Соломенный тюфяк, рваные грязные одеяла, безразличные охранники – ко всему этому мне теперь приходилось привыкать. Хотя все камеры четырехэтажной тюрьмы были заняты, царила внушавшая суеверный страх тишина; лишь изредка, когда кого-то из заключенных выводили на допрос, лязгали замки. Геринг непрерывно мерил шагами свою камеру, и в дверном окошке с постоянными интервалами я видел часть его необъятной фигуры. Вскоре и я начал расхаживать по камере взад-вперед, а потом кругами, чтобы лучше использовать предоставленное мне тесное пространство.

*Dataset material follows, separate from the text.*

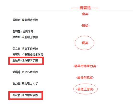 近日,由中国纺织服装教育学会、石狮市人民政府举办的第十届“石狮杯”全国高校毕业生服装设计大赛决赛暨颁奖典礼在石狮服装城艺术展览中心隆重举行。我校学生陈景荣获女装组银奖;王远东同学荣获男装组铜奖;刘宏伟同学荣获男装组最佳工艺奖。

Около недели меня никуда не вызывали, и я оставался в полном неведении относительно происходящего. Затем наступила перемена, незначительная для обычного человека, но в моем положении – колоссальная: меня перевели на четвертый этаж на солнечную сторону, где и камеры, и койки были получше. Здесь меня впервые посетил начальник тюрьмы, американский полковник Эндрюс. «Очень рад видеть вас», – сказал он. Еще будучи комендантом лагеря в Мондорфе, Эндрюс неукоснительно настаивал на соблюдении строжайшего режима, и в его приветствии я явственно различил издевку. В то же время несомненным облегчением было наличие обслуживающего персонала из числа немецких военнопленных. Повара, разносчики еды и парикмахеры, сами перенесшие тяготы плена, старались всячески помочь нам, когда поблизости не было надзирателей. Они шепотом передавали новости, опубликованные в газетах, подбадривали и желали удачи.

Когда я открывал фрамугу высоко расположенного оконца камеры, мне даже удавалось принимать солнечные ванны. Лежа на расстеленных на полу одеялах, я загорал, пока не ускользал последний солнечный луч. Камера не освещалась, мне не давали ни книг, ни даже газет. Предоставленный самому себе, я был вынужден в одиночку справляться с нарастающей депрессией.

Мимо моей камеры часто проводили Заукеля. Каждый раз, завидев меня, он мрачнел и смущался. В конце концов отперли и мою дверь. Американский солдат, державший записку с моей фамилией и номером кабинета следователя, вывел меня во внутренний двор, и мы спустились по лестницам в залы нюрнбергского Дворца правосудия. По дороге я столкнулся с Функом, видимо возвращавшимся с допроса. Функ выглядел чрезвычайно усталым и подавленным, совсем не таким, как во время нашей последней встречи в Берлине, когда мы еще были свободными людьми. «Вот как мы снова встретились!» – произнес он, проходя мимо меня. Функ был в мятом костюме, без галстука, лицо его приобрело нездоровый землистый цвет. Я подумал, что, пожалуй, произвожу столь же жалкое впечатление. Я уже несколько недель не видел себя в зеркале и не смогу увидеть еще много лет. В одном из помещений я заметил Кейтеля, стоявшего перед американскими офицерами. Он тоже выглядел совершенно подавленным и изможденным.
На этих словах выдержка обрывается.